Non-traditional cognitive brain network involvement in insulo-Sylvian gliomas: a case series study and clinical experience using Quicktome

Chin Neurosurg J. 2023 May 26;9(1):16. doi: 10.1186/s41016-023-00325-4.

Abstract

Background: Patients with insulo-Sylvian gliomas continue to present with severe morbidity in cognitive functions primarily due to neurosurgeons' lack of familiarity with non-traditional brain networks. We sought to identify the frequency of invasion and proximity of gliomas to portions of these networks.

Methods: We retrospectively analyzed data from 45 patients undergoing glioma surgery centered in the insular lobe. Tumors were categorized based on their proximity and invasiveness of non-traditional cognitive networks and traditionally eloquent structures. Diffusion tensor imaging tractography was completed by creating a personalized brain atlas using Quicktome to determine eloquent and non-eloquent networks in each patient. Additionally, we prospectively collected neuropsychological data on 7 patients to compare tumor-network involvement with change in cognition. Lastly, 2 prospective patients had their surgical plan influenced by network mapping determined by Quicktome.

Results: Forty-four of 45 patients demonstrated tumor involvement (< 1 cm proximity or invasion) with components of non-traditional brain networks involved in cognition such as the salience network (SN, 60%) and the central executive network (CEN, 56%). Of the seven prospective patients, all had tumors involved with the SN, CEN (5/7, 71%), and language network (5/7, 71%). The mean scores of MMSE and MOCA before surgery were 18.71 ± 6.94 and 17.29 ± 6.26, respectively. The two cases who received preoperative planning with Quicktome had a postoperative performance that was anticipated.

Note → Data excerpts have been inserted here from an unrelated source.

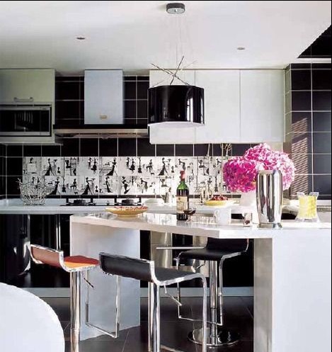 廚房間的吧臺(tái),時(shí)髦女郎男女居家中的最?lèi)?ài)。黑白插畫(huà)瓷磚,改變了黑白基調(diào)的沉默嚴(yán)肅,使房間變得輕松,浪漫。廚房這個(gè)沒(méi)有浪漫氣氛的地方也可以生出浪漫的感覺(jué)。
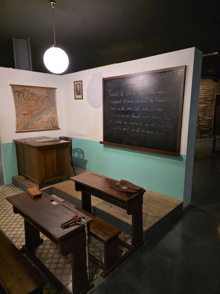 The last floor we visit is a temporary exhibit called En Fugida, or Refugees. A really bold and intriguing look at the current refugee crisis – and how it has really been going on for decades, if not centuries, but it has been politicized and become so much worse today. We definitely won’t bore you with all those details – we downloaded the English guide to the exhibits which is pages long – and will read it all later. Suffice it to say, it’s a problem here, and as far as we can tell, it is very different from the problem in North America.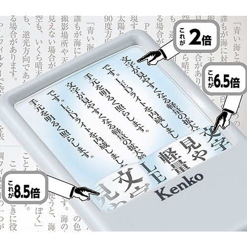 携帯に便利なカードタイプのLED付き拡大鏡。メインレンズは倍率2倍と低倍率なので、本や地図を見るのに便利です。小玉レンズは6.5倍と8.5倍と高倍率なので宝石などを見るの便利です。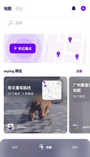 1、切换至探索模式,进入exping的品味社区,这里汇聚着创作者们的探索踪迹。你能够借助附近趣点,查看其他创作者在周边地点留下的探索印记,常常能发现身边不少令人惊喜的地方。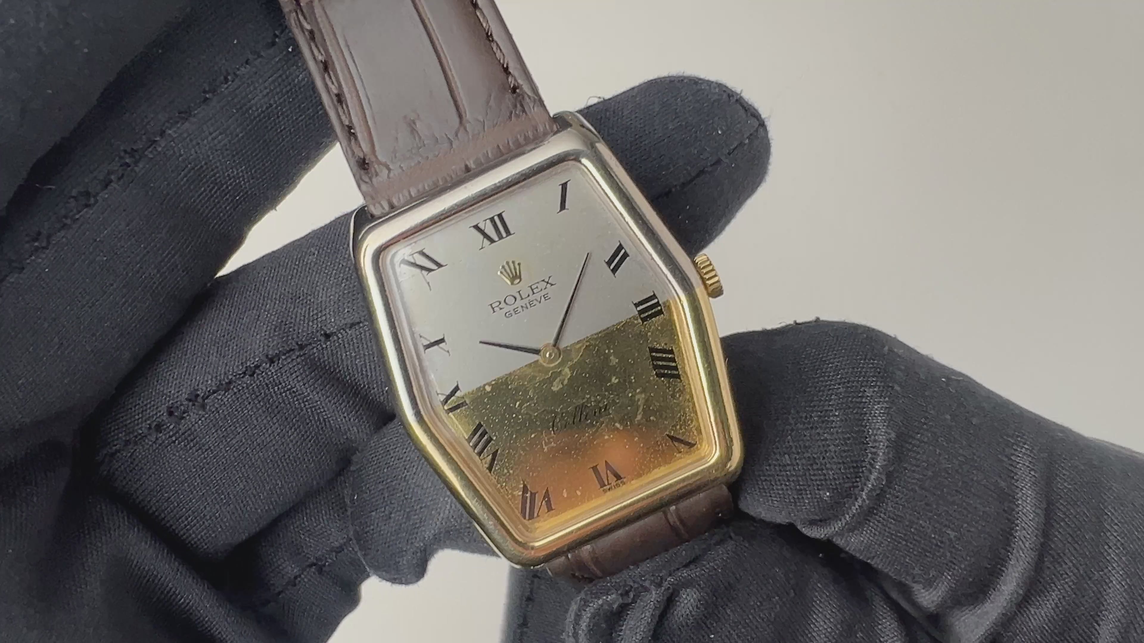 1974年製のロレックス チェリーニ 18KYG / 18KWG Ref.4107 ヘキサゴンケースです。大変珍しいイエローゴールドとホワイトゴールドを上下で組合わせて使用したバイカラーのヘキサゴンケース(裏ブタは18KYG製)が魅力的な一本です。文字盤は表面の劣化が見られます。ムーブメントは手巻きのCal.1600を搭載。手巻きや針回しの操作はスムースです。ベルトはクロコダイルが取り付けてあります。

Conclusions: Non-traditional brain networks involved in cognition are encountered during surgical resection of insulo-Sylvian gliomas. Quicktome can improve the understanding of the presence of these networks and allow for more informed surgical decisions based on patient functional goals.

Keywords: Brain network; Cognitive function; Connectome; Insulo-Sylvian gliomas; Machine learning.